As before, if you want to, you can store the result as a `CSV` file by executing the following cell.

In [None]:
account_tweets_df.to_csv('data/tweets_tweepy.csv', index = False)

## The `Streaming API`

If you want to use `tweepy` to collect data from the Twitter `Streaming API`, you need to set up a `StreamListener`. If you want to learn more about this, you can read the [corresponding section of the `tweepy` documentation](http://docs.tweepy.org/en/latest/streaming_how_to.html). The `MyStreamListener` defined in the cell below will collect data from the `STREAM API` for 10 seconds and append new tweet data to a file called `tweepy_stream.csv`, which is stored in the `data` folder.

In [None]:
SEP = ';'
csv = open('data/tweepy_stream.csv', 'a', encoding='utf-8')
csv.write('Date' + SEP + 'Tweet' + SEP + 'Number of Followers' + SEP + 'Follows' + SEP + 'Handle' + '\n')

class MyStreamListener(tweepy.StreamListener):
    def __init__(self, time_limit=10): # you can set the default timeout for this StreamListener here (in seconds)
        self.start_time = time.time()
        self.limit = time_limit
        super(MyStreamListener, self).__init__()

    def on_status(self, status):
        if (time.time() - self.start_time) < self.limit:
            if hasattr(status, 'retweeted_status'):
                try:
                    tweet = status.retweeted_status.extended_tweet["full_text"]
                except:
                    tweet = status.retweeted_status.text
            else:
                try:
                    tweet = status.extended_tweet["full_text"]
                except AttributeError:
                    tweet = status.text
        
            date = status.created_at.strftime("%Y-%m-%d-%H:%M:%S")
            follower = str(status.user.followers_count)
            friend = str(status.user.friends_count)
            name = status.user.screen_name
        
            csv.write(date + SEP + tweet.strip().replace("\n","").replace('\r','').replace(';',',') + SEP + follower + SEP + friend + SEP + name + '\n')
            return True
        else:
            csv.close()
            return False

When you run the two following cells, you will start to stream all tweets mentioning "COVID-19" or "Corona" for 10 seconds.

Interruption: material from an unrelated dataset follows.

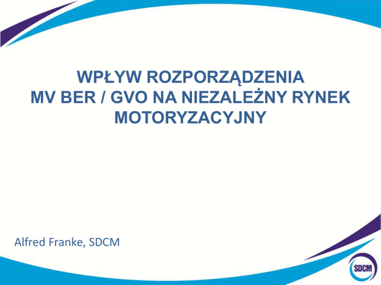 WPŁYW ROZPORZĄDZENIA MV BER / GVO NA NIEZALEŻNY RYNEK MOTORYZACYJNY Alfred Franke, SDCM Rozporządzenie 461/2010 oraz wytyczne sektorowe to zrównoważenie konkurencji na rynku Zgodnie z prawem producenci samochodów nie mogą uzależniać obowiązywania gwarancji od serwisowania i przeprowadzania przeglądów okresowych w Autoryzowanych Stacjach Obsługi. Stosowanie części zamiennych – usługi odpłatne w okresie gwarancji Części oryginalne z logo producenta samochodu Części porównywalnej jakości Niezależny warsztat Części oryginalne z logo producenta części Pozostałe części Przepisy sobie, a życie sobie… „W związku z niewykonaniem przeglądu serwisowego w autoryzowanym serwisie marki Peugeot nie możemy wykonać żadnych napraw w ramach gwarancji pojazdu…” Jak Europa walczy z naruszeniami MV BER Szwedzki Sąd Gospodarczy w 2012 r. nałożył kary na firmę KIA w wysokości 728 tys. euro. Hiszpański urząd ds. konkurencji ukarał Mazdę grzywną 182 tys. euro za ograniczanie niezależnym warsztatom możliwości oferowania swoich usług. We Francji zapisy ogólnych warunków sprzedaży i gwarancji oferowanych przez Toyota France zostały uznane za niezgodne z rozporządzeniem MV BER/GVO. Łotewska Rada ds. Konkurencji zadecydowała o ukaraniu grzywną w wysokości 134 tys. euro firmy KIA Auto oraz jej spółki matki za nakładanie na nabywców pojazdów restrykcyjnych wymogów dotyczących napraw gwarancyjnych. Czy KIA w Polsce działa zgodnie z prawem pomimo nieprzestrzegania MV BER ? Zgromadzony w sprawie materiał dowodowy nie dał podstaw do postawienia KIA Motors Polska Sp. z o.o. zarzutów naruszenia przepisów prawa ochrony konkurencji (…) Konsekwencje stanowiska UOKiK Zielone światło dla producentów samochodów dla nieposzanowania zapisów prawa; Brak ochrony konsumenta przed monopolistycznymi praktykami; Zniechęcanie konsumenta przed korzystaniem z konkurencyjnej oferty niezależnych operatorów w obawie przed utratą gwarancji; Wzrost cen na usługi w okresie gwarancji. Wniosek: Być może producenci samochodów wymagają wsparcia, ale z całą pewnością nie kosztem niezależnego rynku motoryzacyjnego, a w efekcie kierowców. DZIĘKUJĘ ZA UWAGĘ

If you change the time limit and want to manually stop the data collection, you need to interrupt the `Python` kernel in this notebook. You can do so by clicking the square stop button in the notebook menu on top or by pressing the i-key on your keyboard twice.

In [None]:
myStreamListener = MyStreamListener()
myStream = tweepy.Stream(auth = api.auth, listener=myStreamListener) # to change the duration of the collection, you can add the argument time_limit = value_in_seconds here

In [None]:
myStream.filter(track=['COVID-19', 'Corona'])

You can check the results by opening the [tweepy_stream.csv](./data/tweepy_stream.csv) file.

You can also stream tweets by specific users. To do this you need to provide an array of IDs to the `follow` parameter: `mystream.filter(follow=accounts)`.